Il frutto, grazie all'attività di promozione svolta dall'omonimo consorzio, ha anche ottenuto a maggio scorso l'iscrizione nel registro delle Denominazioni d'origine protette, con il nome di "Cedro di Santa Maria del Cedro Dop". Le imprese cedricole destinano soltanto il 25-30% della produzione al settore alimentare, mentre la parte restante va alla ben più remunerativa vendita ai rabbini.
L'acquisto da parte degli ebrei avviene per singolo frutto, con prezzi che variano dai 15 ai 40 euro, secondo gli accordi tra le parti e, soprattutto, in base alla qualità del prodotto, stabilita con canoni estetici riguardanti la forma (dritta e simmetrica) e la purezza (buccia priva di graffi, muffe e funghi, che renderebbero il cedro non adatto all'alimentazione degli ebrei.
Durante la raccolta, tra agosto e settembre, i cedricoltori staccano dalle piante soltanto i frutti migliori indicati loro dai rabbini dopo un'attenta valutazione. Una seconda selezione viene fatta poi a tavola, con i rabbini che analizzano ogni singolo frutto servendosi anche di lenti di ingrandimento.
I cedri, così scelti, vengono dunque acquistati, conservati con attenzione in apposite cassette dotate di imbottiture in spugna, caricati su camion e trasportati in aeroporto per poi volare oltreoceano, destinazione New York. Da qui, vengono venduti alle comunità ebraiche sparse nel mondo. L'attività delle aziende cedricole è fiorente. L'unico problema che devono affrontare è la mancanza di manodopera, sia fissa che stagionale.
Quella dei rabbini che selezionano personalmente e con le proprie mani, uno alla volta, i cedri di Calabria è una tradizione sorta tre secoli fa. Ma gli alberelli di questo agrume vennero impiantati qui duemila anni orsono, in epoca ellenica e poi romana attraverso una mediazione culturale ebraica (esistevano allora consistenti comunità di ebrei in questa zona della regione).
PER APPROFONDIRE: Le radici ebraiche della Calabria
Le piantine sono raccolte in ordinati filari dentro serre che le proteggono senza alterare l’equilibrio climatico esterno che è determinato, proprio in quest’area, dall’incontro di due correnti opposte: quella calda che spira dal mare e quella fredda che arriva dalla montagna.

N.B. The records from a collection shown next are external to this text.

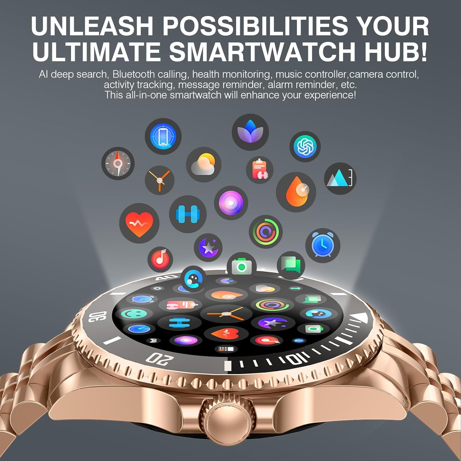2025 DA GPT Smart Watch, Deep Search, Heart Rate, Blood Pressure, Blood Oxygen, Sleep Monitor, 107 Sports Modes, Waterproof Round Watch, 1.19-inch AMOLED Display, Compatible Android and iOS Gold Metal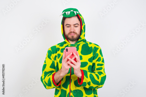© Jihan, Fototapeta premium Excited young caucasian man wearing a pajama standing against white background winking and eye hold smart phone use read social network news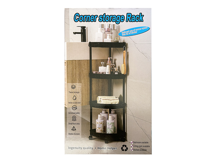 4 Tier Quarter-round Corner Rack with Wheels - Plastic Tray and Metal Post - Black Only - HO2703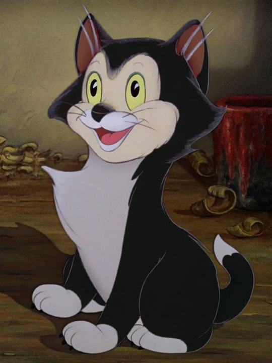 Figaro is an adorable Tuxedo Cat of kindly woodcarver Geppetto. Geppetto finishes his latest puppet, Pinocchio, and makes the wooden boy dance and play with Figaro. Figaro eventually gets annoyed with the puppet as the puppet mischievously kicks him in the behind, and smacks its foot. When the Blue Fairy brings Pinocchio to life, however, Figaro is not too shocked to see a living puppet and quickly takes a liking to the living Pinocchio. When Pinocchio doesn't return home on the night of his first day going to school, Figaro, Geppetto, and the goldfish Cleo leave their home to search for the wooden boy.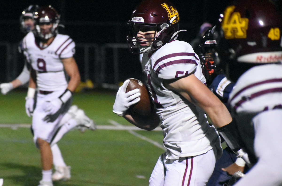 Four plays later the Ramblers had their second touchdown: Ryan Fitzgerald completed a 19-yard pass to Brendan Loftus, Drew MacPherson ran for 28 yards, Fitzgerald connected with Will Carson on a 12-yard pass and then the quarterback ran 13 yards to the end zone.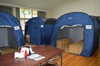 この避難所に昨年11月に入った仮寛佳(かり・ひろよし)さん(64)は「テントがあると、人目を気にせず着替えもできるし、プライバシーがあっていいよね。床の上の布団で寝るよりベッドのほうがよく眠れる」と話す。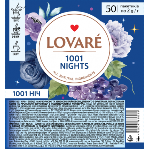 Чудова чайна суміш 1001 Ніч від Lovare — цейлонський чорний дрібний чай, китайський зелений дрібний чай зі шматочками фруктів, пелюстками квітів і ароматом винограду. Чудовий напій із багатою палітрою смаків і ароматів — дивовижний і непередбачуваний, терпкий і ніжний, справжнє втілення східних казок. Суміш чорного та зеленого чаю з фруктами збадьорить і підніме ваш настрій.

Nella fascia di terra della riviera calabra detta, appunto, “dei cedri”, lunga circa 80 chilometri, di frutti sacri se ne raccolgono circa cinquemila quintali ogni stagione. La varietà è chiamata “Cedro Diamante” ed è considerata anche la più profumata oltre che saporita (benché la buccia sia spessa e la polpa scarna).

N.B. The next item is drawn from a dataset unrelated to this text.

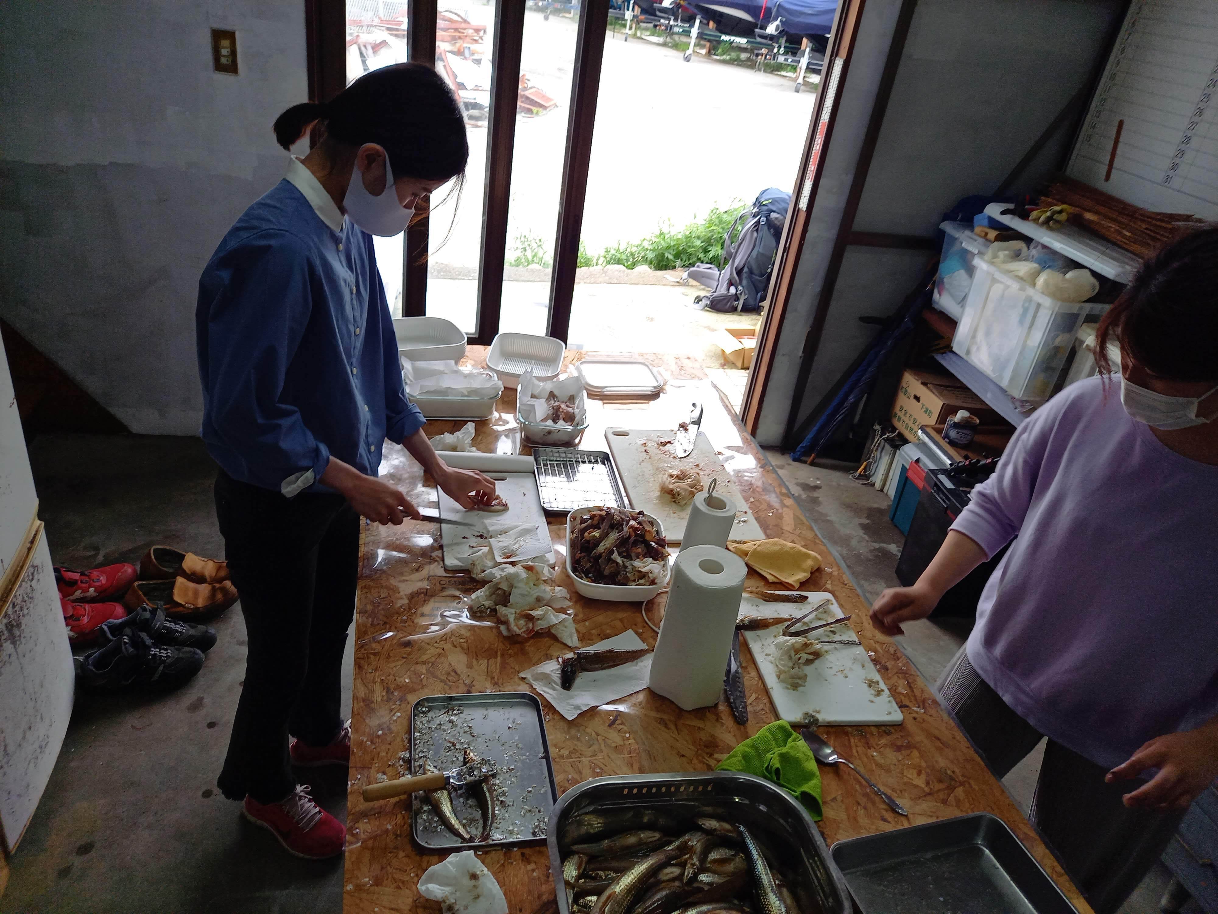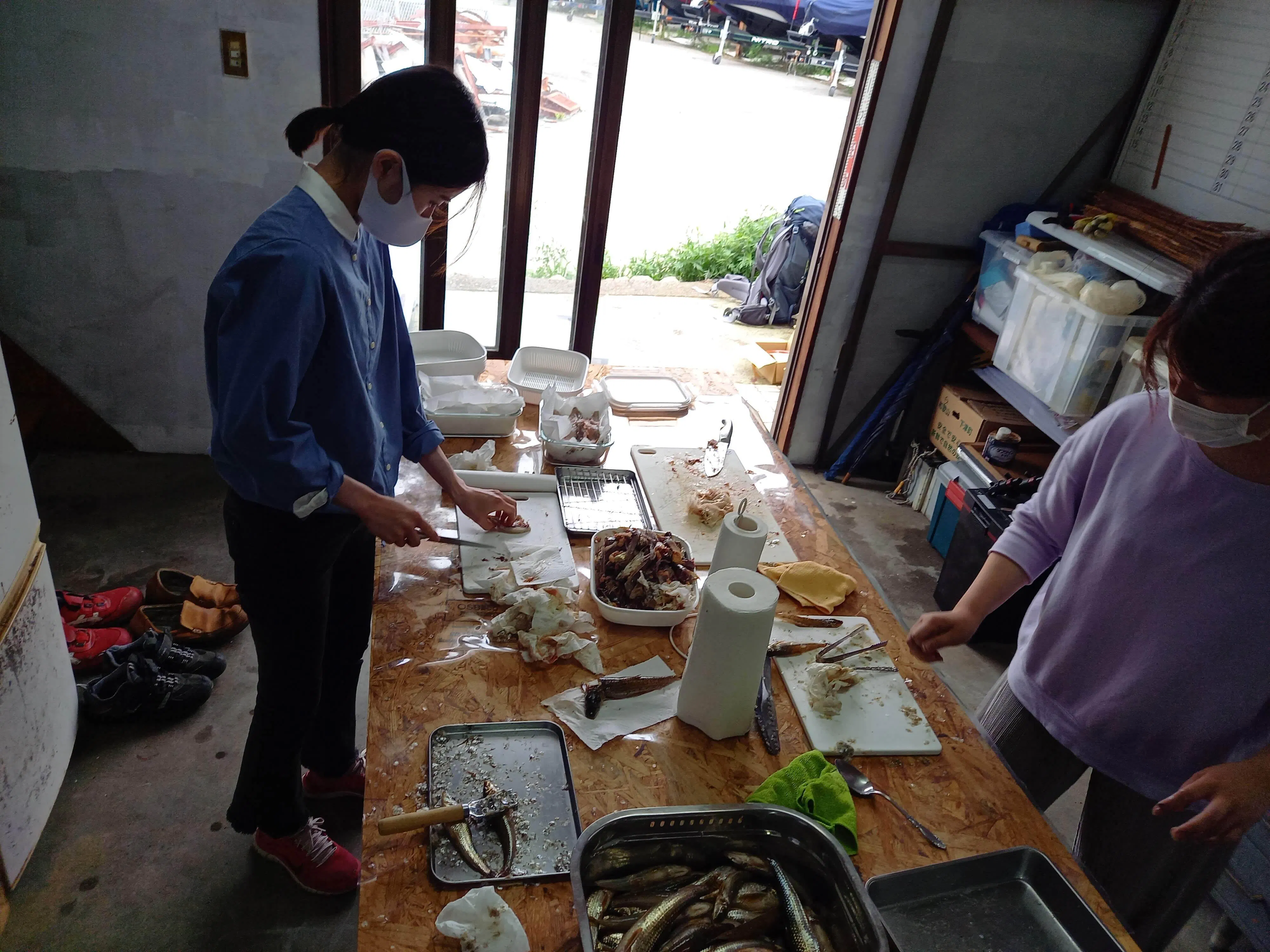 水産加工の方たちと湖魚の加工、調理実験を行うことも。

La lunga permanenza degli ebrei in Calabria – dal IV al XVI sec. d.C. – ha lasciato elementi tangibili su città e territorio, delineando un modello urbano riconoscibile grazie alla ricorrenza di costanti insediative che, verificate nei contesti di riferimento, i quartieri ebraici – le giudecche – calabresi, portano alla definizione di un modello urbano ebraico.
La presenza di insediamenti ebraici in Italia meridionale fino all’espulsione dal Regno di Napoli decretata dall’editto del 1541 di Isabella d’Aragona e Ferdinando il Cattolico è una realtà ben documentata nonostante sia nettamente differenziata a seconda dei periodi storici.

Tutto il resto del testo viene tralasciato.